Datasets and metric. We form a dataset composed of 40 challenging videos from SVW [52] and 15 videos from UCF101 [53], termed “quantitative dataset”. SVW is an extremely unconstrained dataset including videos of amateurs practicing sports, and is also captured by amateurs via smartphone. In addition, we form another “qualitative dataset” with 200 unlabeled videos from SVW, in challenging categories of boxing, diving, and hockey.

To compare GMC over different temporal distances of frames, for each video of length M frames in the quantitative dataset, we manually align all 10 possible pairs from the 5-frame set, $\mathbb {F}=\{ 1, 0.25M, 0.5M, 0.75M, M\}$, as long as they are overlapping, and specify the background regions. For this, a GUI is developed for a labeler to match 4 points on each frame pair, and fine tune them up to a half-pixel accuracy, until the background difference is minimized. Then, the labeler selects the foreground regions which subsequently identify the background region. Similar to [10], we quantify the consistency of two warped frames $\mathbf {I}^{(i)}(\mathbf {p}_i)$ and $\mathbf {I}^{(j)}(\mathbf {p}_j)$ (0 to 1 grayscale pixels) via the background region error (BRE),

$$\begin{aligned} \text{ BRE }(i,j) = \frac{1}{||\mathbf {M_B}||_1}{||| (\mathbf {I}^{(i)}(\mathbf {p}_i)-\mathbf {I}^{(j)}(\mathbf {p}_j)) |\odot \mathbf {M_B} ||_1}, \end{aligned}$$

(11)

where $\odot $ is element-wise multiplication and $\mathbf {M_B}$ is the background mask for the intersection of two warped frames.

Table 1. Comparison of GMC algorithms on quantitative dataset (*GT: Ground truth, BF: Backward-Forward, B: Backward).

Full size table

Quantitative evaluation. Average of BRE over all the temporal frames pairs is shown in Table 1. TRGMC outperform all the baseline methods with considerable margin. The backward-forward (BF) scheme has a slightly better accuracy than the backward (B) scheme, and is also more stable based on our visual observation. Thus, we use BF as the default scheme for TRGMC.

To illustrate how the accumulation of errors over time affects the final error, Fig. 6 summarizes the average error versus the time difference between the frames in $\mathbb {F}$. This shows that TRGMC error is almost constant over a wide temporal distance between the frames.
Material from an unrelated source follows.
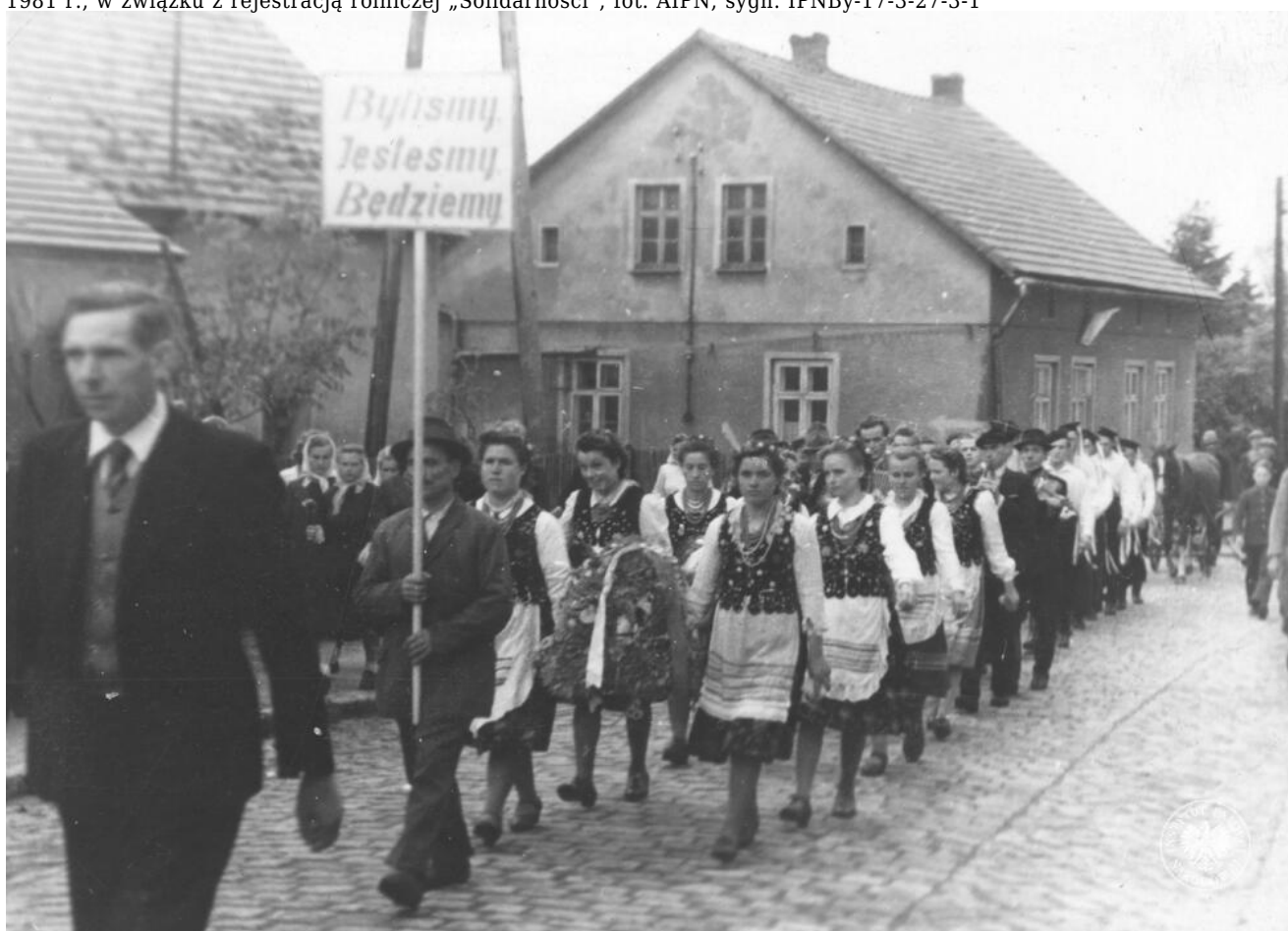
Fotografia z album Państwowego Urzędu Repatriacyjnego Oddział Katowice 1945-1946

Thus, even if a frame is not aligned accurately, the error is not propagating to all the frames after that. However, in sequential GMC, the error increases as the time difference increases.

Qualitative evaluation. While quantitative results are comprehensive, the number of videos is limited by the labeling cost. Thus, we further compare TRGMC and the best performing baseline, RGMC, on the larger qualitative dataset. The resultant motion panoramas were visually investigated and categorized into three cases: good, shaking, and failed (i.e., considerable background discontinuity). The comparison in Table 2 again shows the superiority of TRGMC.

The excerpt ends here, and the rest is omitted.